Bir insan için tehlike ve başarı durumu doğal bir durumdur. Barış ve barış durumu bir kadın için doğaldır. Nasıl bir balık yeryüzünde yaşayamazsa ve bir canavar su altında yaşayamazsa, o zaman bir erkek aşırı rahatlık ortamında kendine yer bulamaz ve bir kadın rahatsızlıktan nefret eder.

Bir başarı durumunda, ahlaki hedefleri için mücadelede, özgünlükle bile parlamayan - ve istemeden, çevrenizdeki insanlar onları şaşırtan biriyle aynı şekilde yaşamaya başlayacaklar. A. Kochergin, "Baltalı Bir Adam"

Bu nedenle, organize suç grupları ve tehlike düzeyi düşük olan ve anaerkillik gelişimi düşük olan ülkeler arasında doğrudan bir ilişki vardır. Savaş yoksa, yiyecek doluysa ve kazananın erkek becerileri, çıkarılması için gerekli değilse (süpermarkette para kazanabilir ve hazır yiyecekler satın alabilirsiniz), eğer güvenlik zaten sağlanmışsa ve hiçbir şey icat edilmemesi gerekiyorsa, o zaman konforun tahakkümü ve dolayısıyla bir kadının hakimiyeti gelir. Bir kadın bu atmosferde ne yapacağını bildiği sürece ön plana çıkar ve bir erkek iflas eder, kimsenin becerilerine ihtiyacı yoktur ve kadının yöntemlerini bir veya başka bir yöntemle açık veya gizli bir şekilde takip etmek zorunda kalır.

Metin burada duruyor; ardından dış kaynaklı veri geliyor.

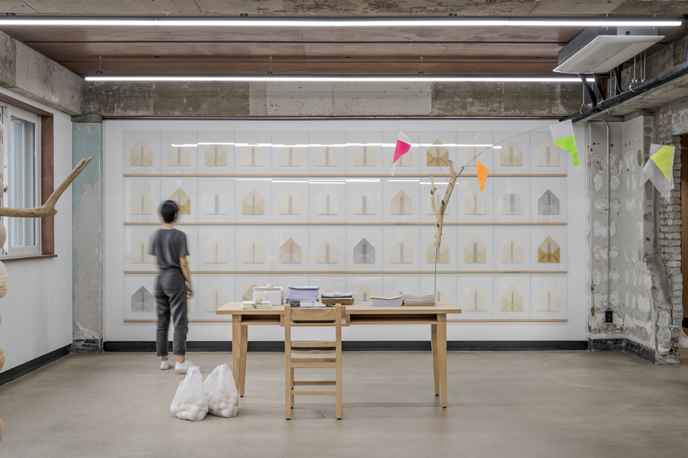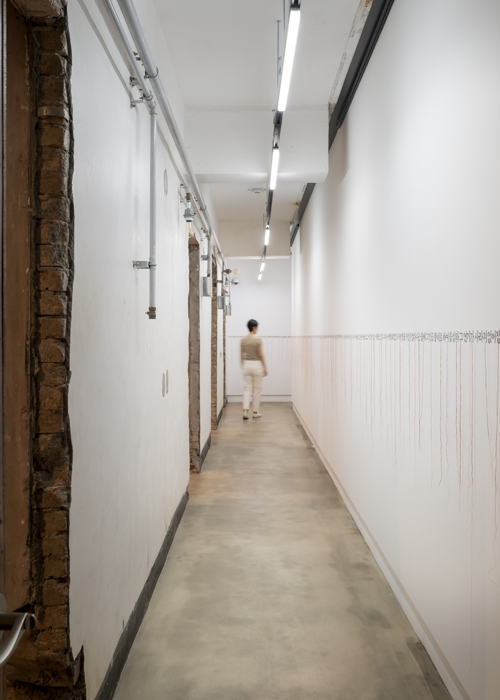 아트센터 예술의 시간은 서울시 독산동 공장지대의 ㈜영일프레시젼 기숙사였고, 노동자들이 살았던 원룸이었다. 40년을 살아 온 이 장소의 내력은 완전히 사라지지 않았다. 방을 트고 벽의 피부를 벗겨서 예술의 시간을 담는 그릇으로 탈바꿈 시킬 때 오래된 골조는 이 그릇의 민낯으로 다시 태어났다. 시간의 켜를 키질해 놓은 듯 군데군데 남아있는 벽의 여러 흔적들은 어떤 미술과도 교집합을 이룰 것만 같은 추상성을 가졌고, 헝클어진 검불을 까부르고 난 뒤의 알갱이처럼 공간은 뚜렷하고 선명한 윤곽선을 그리며 낮게, 조용히 침잠해 있었다.

Ama sadece siz ve ben, sevgili okuyucu, Evren-25 deneyinden, bir popülasyonun elde edilen konforun atmosferinde uzun süre yaşayamayacağını çok iyi biliyoruz - mutlaka üremesini bozacak ve durduracaktır. Bu nedenle, evet, suçun yokluğunun iyi olduğunu söylemek çok olasıdır, ancak sonuçları üzücüdür. Bir ya da iki nesil için cennet ve yüksek yaşam - ve yakın ölüm aşağıdaki gibi. Yorgunluk, patolojik tembellik ve yaşama isteği eksikliği. Böyle bir örnekle, Roma bir zamanlar yıkıldı.

Cezai ataerkillik, yani. baskın çeteleri olan ataerkillik, ataerkilliğin kaba bir şeklidir. Bir erkek tatminsiz hissettiğinde, yani. eğer erkek programlarını gerçekleştiremezse, vulgarizasyon gerçekleşir, kaba bir ataerkillik oluşur. Vahşi, ilkel vb. Erkekler çetelerde, futbol taraftarları gibi çetelerde, milliyetçi ultras çetelerinde toplanır. Bu tür davranışlar ataerkilliği itibarsızlaştırır. Bu en temel ve ilkel biçiminde ataerkidir.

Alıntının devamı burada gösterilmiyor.